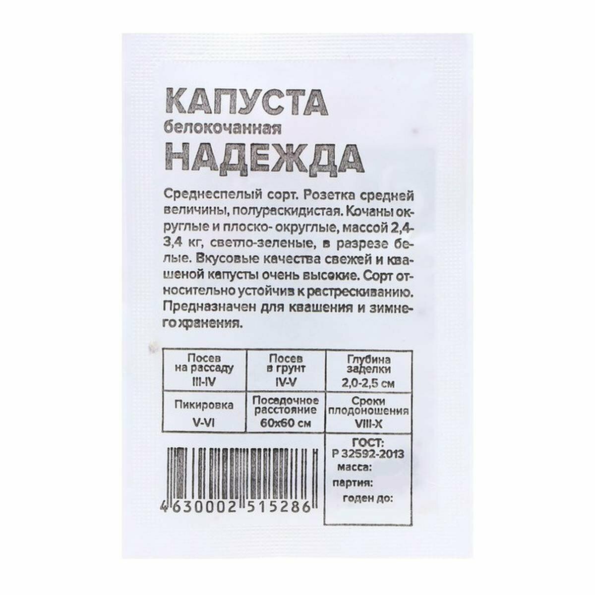 Семена Капуста "Надежда", 0,3 гр., 9 упак. информация:
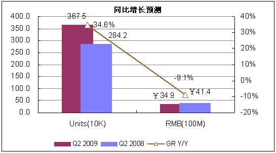2009年第二季度,由于市場淡季來臨,需求動力不足。賽迪顧問預測,第二季度市場銷量為367.5萬臺。
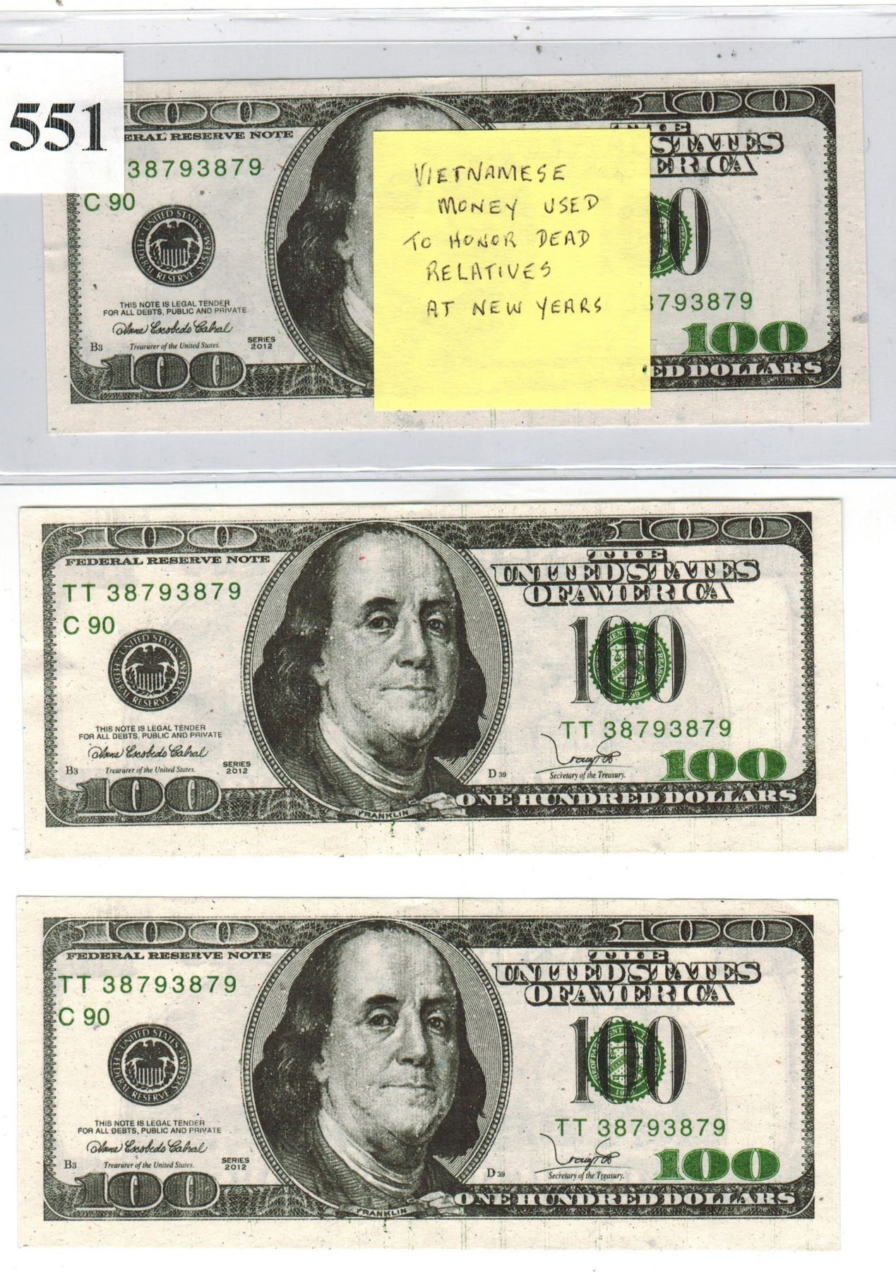 VIETNAMESE SPIRIT MONEY - Used to honor dead Relatives at New Years - Lot of 3 notes
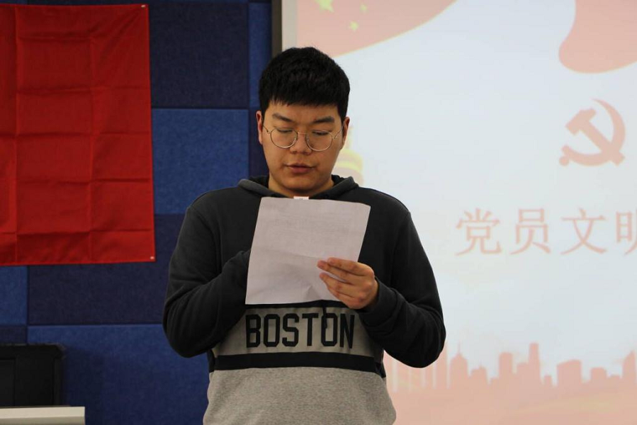 大会第四项,党员文明宿舍代表发言,由学生第二党支部潘子延同志进行发言,他认为党员寝室的领导作用十分重要,在班级和生活中,带动同学们维持寝室干净卫生,形成干净整洁的学习生活环境,并且在以后会一如既往,团结友爱,互勉互力,不断总结经验,发扬优点,改进缺点,更进一步!
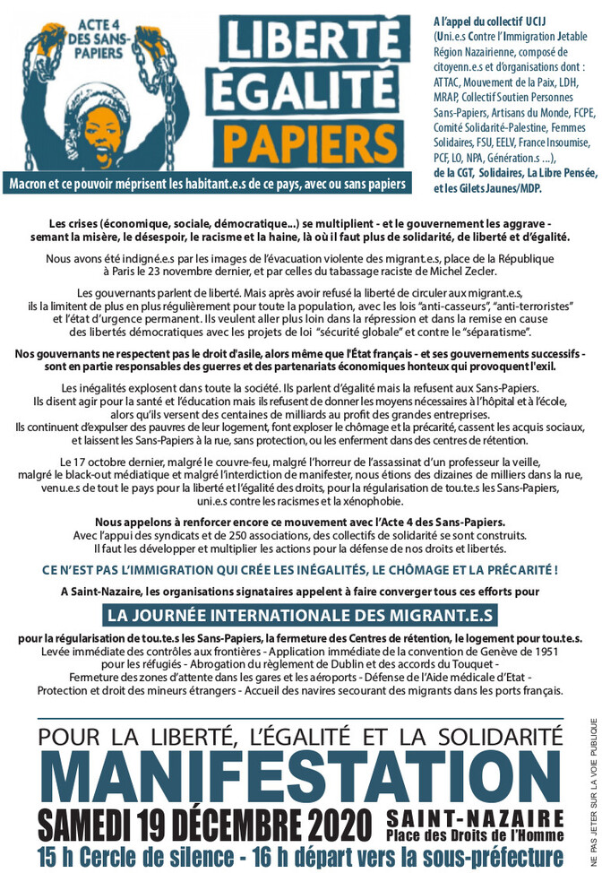 A l’appel du collectif UCIJ, de la CGT, Solidaires, la Libre Pensée, le Gilets jaunes/MDP, pour la journée internationale des migrants
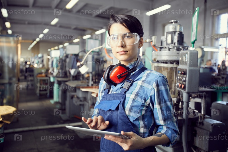 Портрет серьезной молодой брюнетной женщины в защитных очках и синей рабочей одежде, изучающей настройки фабричной машины через приложение для планшетов
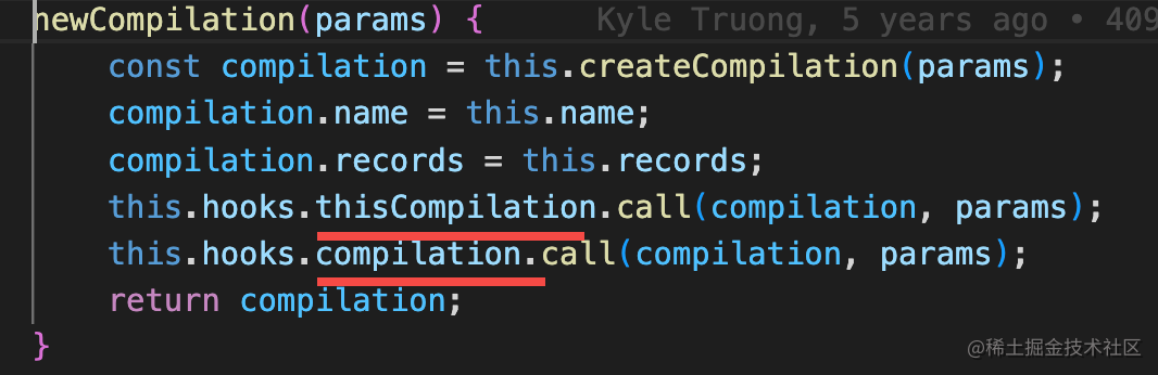 可以看到 thisCompilation 是在 newCompilation 这个方法调用的。

Required work:
Provide an exact copy of the records, excluding every picture.

Task response:
 Семена Капуста "Надежда", 0,3 гр., 9 упак. информация:
2009年第二季度,由于市場淡季來臨,需求動力不足。賽迪顧問預測,第二季度市場銷量為367.5萬臺。
 VIETNAMESE SPIRIT MONEY - Used to honor dead Relatives at New Years - Lot of 3 notes
 大会第四项,党员文明宿舍代表发言,由学生第二党支部潘子延同志进行发言,他认为党员寝室的领导作用十分重要,在班级和生活中,带动同学们维持寝室干净卫生,形成干净整洁的学习生活环境,并且在以后会一如既往,团结友爱,互勉互力,不断总结经验,发扬优点,改进缺点,更进一步!
 A l’appel du collectif UCIJ, de la CGT, Solidaires, la Libre Pensée, le Gilets jaunes/MDP, pour la journée internationale des migrants
 Портрет серьезной молодой брюнетной женщины в защитных очках и синей рабочей одежде, изучающей настройки фабричной машины через приложение для планшетов
 可以看到 thisCompilation 是在 newCompilation 这个方法调用的。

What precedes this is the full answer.